Category Archives: Uncategorized (’til I think of something better)

Pullover conundrum

When I’m watching a TV show or movie and a character is putting a shirt on they first sort of roll up the shirt and stick their arms through the sleeves and then pull the neck opening over their head. Once I started noticing this, it seemed the predominant method for donning any kind of pullover UNLESS the scene was being played for comic effect (whereupon the character gets the shirt stuck on his or her head and proceeds to stagger around crashing into walls and knocking over lamps). Usually it’s a smooth two-step move though, and the character hardly breaks rhythm. They make it look cool.

This is not how I put on a pullover. First I pull the shirt over my head and then I wrestle into the sleeves. I’d have never given it a thought but for noticing how actors do it onscreen. It made me think there are two distinct schools on the proper way to get into a pullover – and maybe an adult just does what they were taught as a child. (I know my mother had me put the shirt over my head first).

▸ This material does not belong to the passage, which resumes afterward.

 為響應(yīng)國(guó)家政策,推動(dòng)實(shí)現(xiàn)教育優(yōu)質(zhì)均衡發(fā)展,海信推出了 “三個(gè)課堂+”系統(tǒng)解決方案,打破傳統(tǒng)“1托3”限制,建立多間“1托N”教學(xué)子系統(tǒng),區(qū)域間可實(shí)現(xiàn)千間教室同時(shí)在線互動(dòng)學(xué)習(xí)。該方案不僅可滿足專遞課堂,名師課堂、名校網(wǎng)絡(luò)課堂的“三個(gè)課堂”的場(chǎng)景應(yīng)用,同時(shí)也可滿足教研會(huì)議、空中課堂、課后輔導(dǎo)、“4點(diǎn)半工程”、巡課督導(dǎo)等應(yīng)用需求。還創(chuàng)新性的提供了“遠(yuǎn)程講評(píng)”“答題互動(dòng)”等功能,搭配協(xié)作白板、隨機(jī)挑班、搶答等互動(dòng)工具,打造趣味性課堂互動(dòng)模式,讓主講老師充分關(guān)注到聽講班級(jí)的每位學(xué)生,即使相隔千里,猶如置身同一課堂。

It further occurs to me as I write this that the onscreen method is probably deliberate so that the actor’s head is visible most of the time and he or she can go right on talking. In any event whenever I see someone do the arms-then-head method I think to myself “I should try that” but invariably I forget to and I remember only as I am contorting into the sleeves. And no, I am not so demented as to take the shirt off so I can start over doing it the other way.

So. How you YOU put on a pullover? If you’re not sure feel free to get back to me on this after the next time you put one on. I’ll be here.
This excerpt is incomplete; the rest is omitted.